American pastor on trial for alleged terror ties in Turkey

American pastor on trial for alleged terror ties in Turkey


Andrew Brunson, a Christian pastor from North Carolina, U.S. who has been in jail in Turkey since December 2016, is seen in this undated picture taken in Izmir, Turkey.



REUTERS




ALIAGA, Turkey -- An American pastor accused of ties to terror groups and spying in Turkey went on trial on Monday, in a case that has strained ties between Turkey and the United States. Andrew Craig Brunson, a 50-year-old evangelical pastor from North Carolina, faces up to 35 years in prison on charges of "committing crimes on behalf of terror groups without being a member" and "espionage."


He was arrested in the aftermath of a failed military coup in 2016, for alleged links to both the outlawed Kurdistan Workers' Party, or PKK, and a network led by U.S.-based Muslim cleric Fethullah Gulen, who is blamed by Turkey for the coup attempt.


Brunson, who served as the pastor of Izmir Resurrection Church with a small Protestant congregation and has lived in Turkey for 23 years, denies all allegations.


His trial opened in the town of Aliaga, some 38 miles north of the Aegean coastal city of Izmir, a year and half after his arrest, with court officials reading the prosecutors' indictment. North Carolina Senator Thom Tillis and Sam Brownback, U.S. ambassador-at-large for religious freedoms were observing the trial, Turkey's private Dogan news agency reported.

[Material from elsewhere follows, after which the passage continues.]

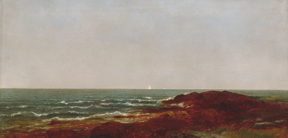 This contemplative seascape likely depicts the Long Island Sound from Contentment Island, Darien, Connecticut, where Kensett lived and worked from 1867 until his death in 1872. In this boldly simplified composition, the artist distilled nature to its most essential elements—land, sea, and sky—the last covering two-thirds of the canvas. Small sailboats dot the horizon, creating the illusion of depth and emphasizing the limitlessness of the ocean. Such views were widely popular with urban collectors, who often sought out meditative idealizations of nature as antidotes to fast-paced city life.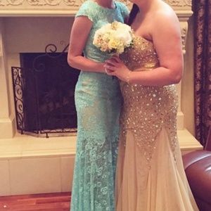Tony Bowls Aqua Lace Prom Dress/Evening Gown

Brownback told reporters during a recess on Monday that U.S.-Turkish relations would be affected if Brunson remained in prison.


"The United States cares deeply about our relationship with Turkey," Brownback said, according to the Reuters news agency. "That relationship is going to have difficulty moving forward as long as Andrew Brunson is incarcerated."


Prosecutors are seeking 15 years in prison against the pastor for alleged crimes committed in the name of Gulen's group and the PKK, and a further 20 years for allegedly obtaining state secrets for political and military spying purposes using his religious work as cover.

The indictment -- based on the testimonies of witnesses, including three secret ones, and alleged digital evidence -- claims the pastor worked to convert Kurds to Christianity to sow discord.


U.S. officials have repeatedly called for Brunson's released, and President Donald Trump has asked Turkish President Recep Tayyip Erdogan to have his government "expeditiously" return the pastor to the U.S.


Erdogan fired back at Washington, demanding that the U.S. return Gulen to Turkey.

"Give him (Gulen) to us, and we will try (Brunson) and return him," Erdogan said last year.


Gulen, who lives in Pennsylvania, has denied involvement in the coup.


Brunson's lawyer, Ismail Cem Halavurt, told The Associated Press on Sunday he expects the pastor's acquittal, arguing that the "weak" indictment lacks sufficient evidence to make the case hold up in court.